Liver toxicity is a major cause of drug discovery failure in clinical trials and of adverse events leading to regulatory action on approved drugs. It is therefore critical to use in vitro models that are predictive of in vivo liver toxicity in the drug discovery cascade. Current in vitro models often culture immortalised cell lines or primary hepatocytes in 2D tissue culture plates, which results in a decrease in liver-specific functionality, gene expression and longevity. In order to recreate the complex cellular microenvironment of the liver and improve performance and culture longevity of hepatocytes, three-dimensional culture systems are being developed. These are designed to provide more realistic data in drug discovery testing that is predictive of behaviour in the clinic.
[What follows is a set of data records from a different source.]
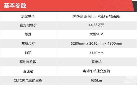 综合以上各项测试结果得出结论,2026款蔚来ES8在客观数据和主观感受方面的整体表现达到了专家评审团预期。在客观数据层面,车内噪声和振动抑制表现可圈可点,不过个别部位的车身工艺、整车漆膜厚度和喷涂均匀性依然存在提升空间。在主观感受层面,新增的前备厢和车内实体按键大大提升了日常使用的便利性,升级后的智能座舱和底盘悬架带来更出色的驾控体验。不过,外后视镜调节方式以及巡航系统跟车距离等还有待优化。综合来看,2026款蔚来ES8的商品性表现在测试过的同级别车型中处于中游水平。
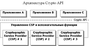 Если говорить об операционных системах Microsoft, то порядок взаимодействия приложений с криптографическими модулями регламентирует документ, который называется Microsoft Cryptographic Application Programming Interface. Функции, описанные в нем, поддерживаются операционными системами Windows и содержатся в определенных модулях. Но эти модули не реализуют криптографические алгоритмы, а обращаются к другим модулям, называемым Cryptographic Service Providers (CSP). Одновременно в операционной системе можно установить несколько CSP. При первом обращении к криптографическому сервису прикладная программа выбирает, с каким именно модулем CSP она будет работать (это зависит от того, какие криптографические алгоритмы ей необходимы). Но для того чтобы новый модуль CSP, реализующий сертифицированные алгоритмы, мог работать в Windows, и к нему могли обращаться прикладные программы, его необходимо заверить цифровой подписью Microsoft. А кроме того, необходимо «убедить» прикладные программы использовать этот модуль в своей работе.
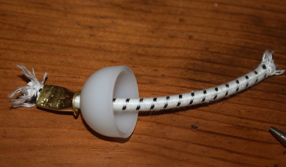 Cette étape est essentielle et il ne faut pas hésiter à écraser la pièce fermement en plusieurs endroit afin de bloquer l’élastique même lorsque l’on exerce une tension dessus. C’est un peu le même principe que les perles à écraser utilisées dans certains types de fermoirs en bijouterie, sauf que la pièce en question est beaucoup plus grosse et donc requiert beaucoup plus de force. Les paumes de mes mains s’en souviennent encore !
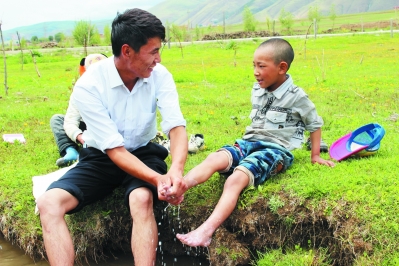 近日,筆者在仁果下鄉(xiāng)采訪時(shí),看到一個(gè)年輕人正在給孩子洗腳。“這個(gè)孩子是你的親戚嗎?”“不是哦,他們都是我的學(xué)生,因?yàn)楹⒆犹×耍蛶退麄兿茨_,希望孩子從小養(yǎng)成講衛(wèi)生的好習(xí)慣。”看著筆者不解的目光,他解釋說(shuō)。
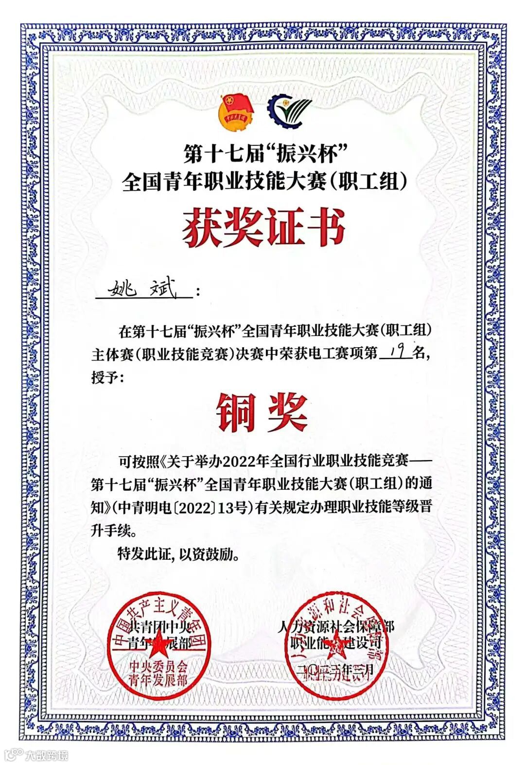 姚斌,男,汉族,1992年8月出生,中共党员,高级技师,本科学历,现任中铁七局西安公司水电分公司作业队长。在此次第十七届“振兴杯“全国青年职业技能大赛(职工组)主体赛(职业技能竞赛)决赛中荣获电工赛项第19名,授予铜奖。该同志曾荣获“中铁七局岗位能手标兵”“中铁七局金牌职工”“中国中铁技术标兵”“中国中铁青年岗位技术标兵”“中国中铁劳动模范”“全国青年岗位能手”“陕西省技术能手”“河南省五一劳动奖章”“陕西省劳动模范”等荣誉。
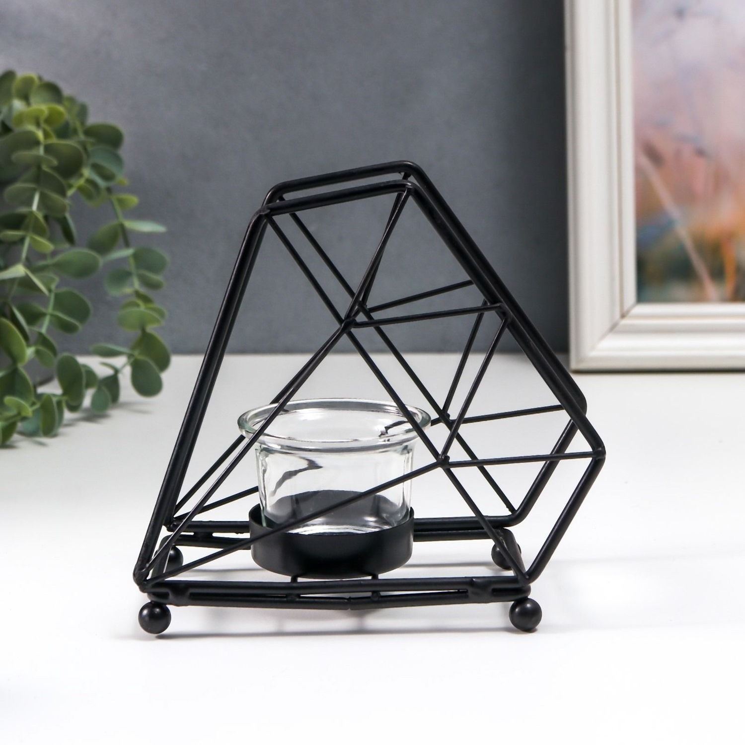 Подсвечник металл, стекло на 1 свечу "Лофт. Трапеция" чёрный 13х8х15 см 7459643

The Mimetix® scaffold consists of highly uniform electrospun PLLA microfibres which support the three-dimensional growth of cells. This study investigates the Mimetix scaffold in a 96-well plate format as a culture system for upcyte® Hepatocytes, HepG2 cells and primary human hepatocytes. We assessed cell viability and liver-specific cell functions, such as urea production, albumin synthesis and glucose metabolism in our 3D Mimetix® scaffold vs. 2D culture, as well as CYP activities and acute toxicity of terfenadine. The 3D growth environment provided by the Mimetix scaffold improved cell functionality and CYP activities of the different types of hepatocytes and reduced sensitivity of HepG2 cells to the cytotoxic drug terfenadine.